My newly-created SP did not recognize it as new, because it has that "already aired in Canada" syndrome and the description is dated 2015 -- although not flagged as a repeat, selecting "New & reruns" does pick it up.

_[is it better to bump an old thread for a pre-existing subject, or start a new thread after more than a year has elapsed?]_


----------



## Malcontent (Sep 5, 2004)

FYI,

Season 4 has started airing in Canada.


----------



## mattack (Apr 9, 2001)

Awesome, thanks for the info. I *WONDERED* why my OnePass that still exists (streaming & recordings) got S1 a week or so ago, then S1 went away and S2 replaced it IIRC..

Do you have any idea if these are *cut* compared to the original airings? (and/or if the versions on Netflix are not cut?)

Just updated my OP (which was still set to the SD ABC channel on the machine I modified it on -- I guess my other tivo is where I had streaming videos only and was seeing the on demand versions).


----------



## justen_m (Jan 15, 2004)

KDeFlane said:


> Channel-change alert!
> Season 3 of the Canadian series "Motive" premieres in the states this *Friday, April 1st*, now on the USA network. (I had deleted my previous SP when ABC dropped the show, so I don't know whether the network change would have been caught.)
> 
> My newly-created SP did not recognize it as new, because it has that "already aired in Canada" syndrome and the description is dated 2015 -- although not flagged as a repeat, selecting "New & reruns" does pick it up.
> ...


Thanks for the heads-up!

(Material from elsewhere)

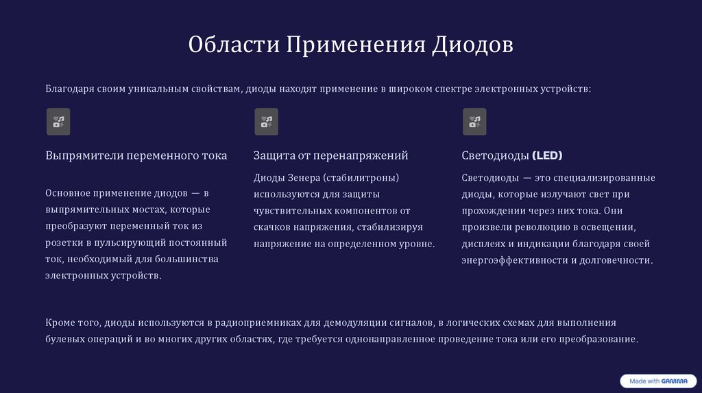 Области Применения ДиодовБлагодаря своим уникальным свойствам, диоды находят применение в широком спектре электронных устройств:

I had deleted my OnePass (or was it SeasonPass?) because I thought this show was gone for good. I set up a new one for USA, new&repeats (stupid air first in Canada shows!!!).

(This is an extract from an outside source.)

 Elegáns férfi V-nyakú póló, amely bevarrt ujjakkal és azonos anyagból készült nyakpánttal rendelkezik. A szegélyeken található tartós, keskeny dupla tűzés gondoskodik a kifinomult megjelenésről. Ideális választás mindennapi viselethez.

As for a thread bump or new thread? Don't know. Your post is in the correct forum, so I don't know if the thread particularly matters.


----------



## Amnesia (Jan 30, 2005)

KDeFlane said:


> is it better to bump an old thread for a pre-existing subject, or start a new thread after more than a year has elapsed?


The thread title is still appropriate, so it's good.


----------



## mattack (Apr 9, 2001)

I would always say a thread bump is better..


----------



## mattack (Apr 9, 2001)

Can someone remind me what happened at the end of last season?

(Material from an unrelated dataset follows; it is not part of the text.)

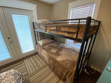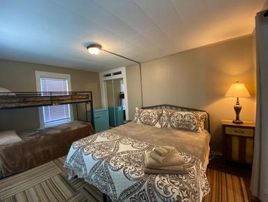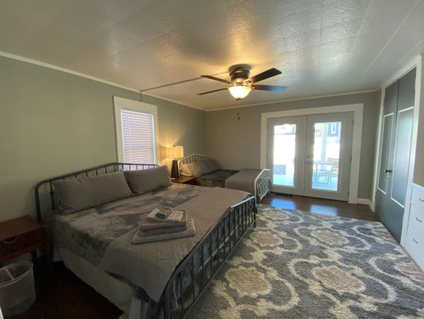 Perfect for a group of friends. This room comes with a King sized bed and Twin sized bunk beds. With its close proximity to the Pole Barn and pool, you’ll be right next to the action. This room comes with a mini fridge, wall mounted fan, and a patio with a table and 4 chairs.
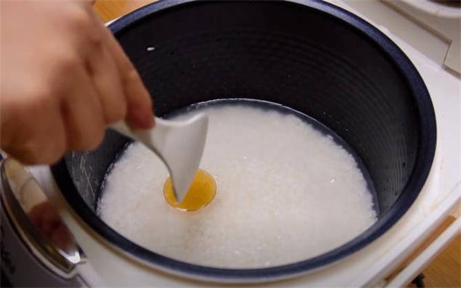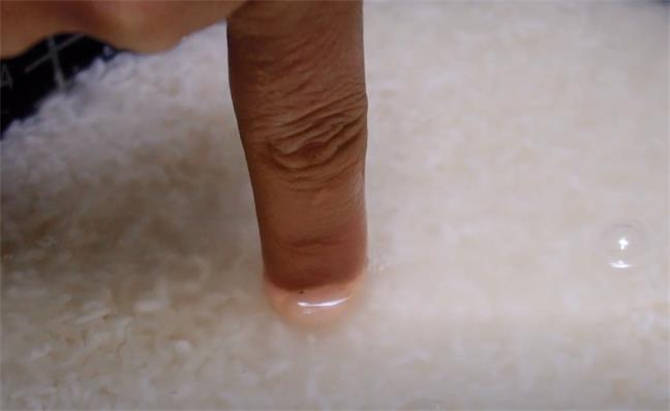 2.放在電飯鍋裡面,把米鋪平,倒一些清水進去,這個水沒過這個米一個指節就行瞭。

OK, so they did say that her partner (the guy who looks like Wolverine, though I admit now I'm thinking they don't look as close as I used to think they did) shot some guy to save her...

but I don't remember the plot line.. Can someone summarize? Was she kidnapped or what?


----------



## JoeKustra (Dec 7, 2012)

Motive will be on Sunday at 10pm this week.


----------



## KDeFlane (Jan 29, 2014)

JoeKustra said:


> Motive will be on Sunday at 10pm this week.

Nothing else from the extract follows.